Debate rages over whether the North Atlantic Treaty Organization’s (NATO) air war against Serbia was a success or failure. But one thing is certain: that war resulted from a prior failure of NATO policy. The goal was to prevent the escalation of conflict, and to achieve a political settlement that got “Serbia out of Kosovo, not Kosovo out of Serbia,” without having to use force. As intended, the KLA’s insurgency in Kosovo had provoked Belgrade’s ham-fisted repression tactics. The Serb military police (MUP) and the Yugoslav National Army (VJ) killed innocent civilians and loosed a flood of refugees wherever they went: 42,000 by June, 100,000 by August, and over 200,000 by October 1998. The Racak Massacre in January 1999 captured public attention and triggered a more vigorous international response.

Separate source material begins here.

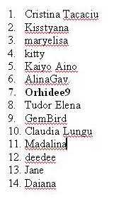Felicitari! Astept sa ma contactezi pe adresa anotherside_dorina@yahoo.com.
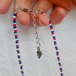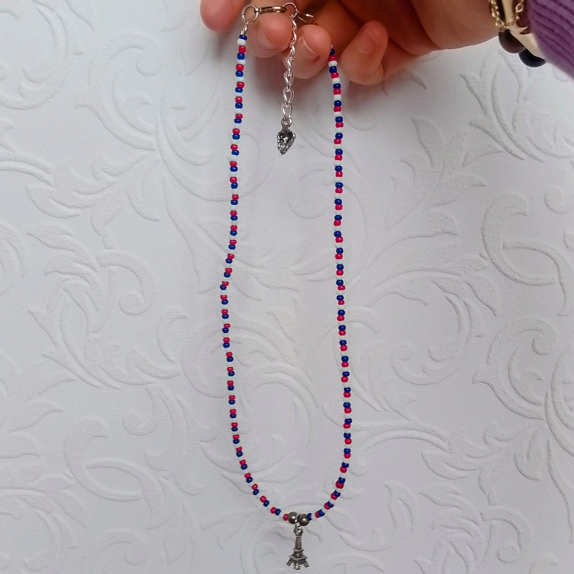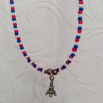 Say “j'aime la France” with this dainty 16 inch (40.64 cm) necklace featuring a tiny Eiffel Tower charm at its centre. Tiny blue, white, and red glass seed beads representing the French flag adorn this necklace, giving it a sense of whimsy that draws the eye, especially when paired with the tiny Eiffel Tower. The necklace is strung on jewellery wire with a lobster claw fastener and metal links to make it adjustable.

At the Rambouillet (February 6-23) and Paris (March 15-19) Conferences, NATO threatened to bomb Serbia if it did not accept the Contact Group’s (composed of Britain, France, Germany, Italy, Russia, and the US) interim political settlement and NATO’s plan to enforce it with armed peacekeepers. These threats did not compel Serbia to sign the agreements, and they did not deter it from launching “Operation Horseshoe,” a brutal offensive that displaced hundreds of thousands of Kosovo Albanians (Kosovars).

Belgrade’s decisions were the most visible failures of NATO’s coercive diplomacy, but they were not the only ones. What made enforced negotiations at Rambouillet necessary was a breakdown of the cease-fire NATO imposed in October 1998. Under the threat of air-strikes, Serbia agreed to withdraw or stand-down most of its forces in Kosovo. Then, deterring the Kosovo Liberation Army (KLA) from provocations became crucial to NATO’s policy, a necessary condition for real progress in negotiations between Belgrade and Kosovar moderates. NATO failed to do this. That failure must be addressed if we are to understand why NATO did not prevent the war.

It is tempting to ignore it now that the war is won, refugees have returned, NATO controls Kosovo, and Milosevic is out of power. The temptation is strongest for those who uncritically subscribe to the official Clinton Administration view that “the responsibility for violence” in Kosovo lay “squarely with Belgrade,” that the KLA was “created” by the “extremist measures” of Serb forces. Comparing this view with boilerplate KLA propaganda (“the source and cause of all evil is in Belgrade—the military actions of KLA are only of a defense nature”) should at least give us pause.

If we want to understand why NATO’s policy to prevent the war did not work, we must explain why NATO failed to deter the KLA from escalating. This is not to assert a “moral equivalency” between what the KLA did in Kosovo and what Serb forces did. But it is wrong to infer from Serb atrocities that the KLA was not aggressive, that it did not also need to be deterred. If we do that we assume away NATO’s strategic problem, not understand it.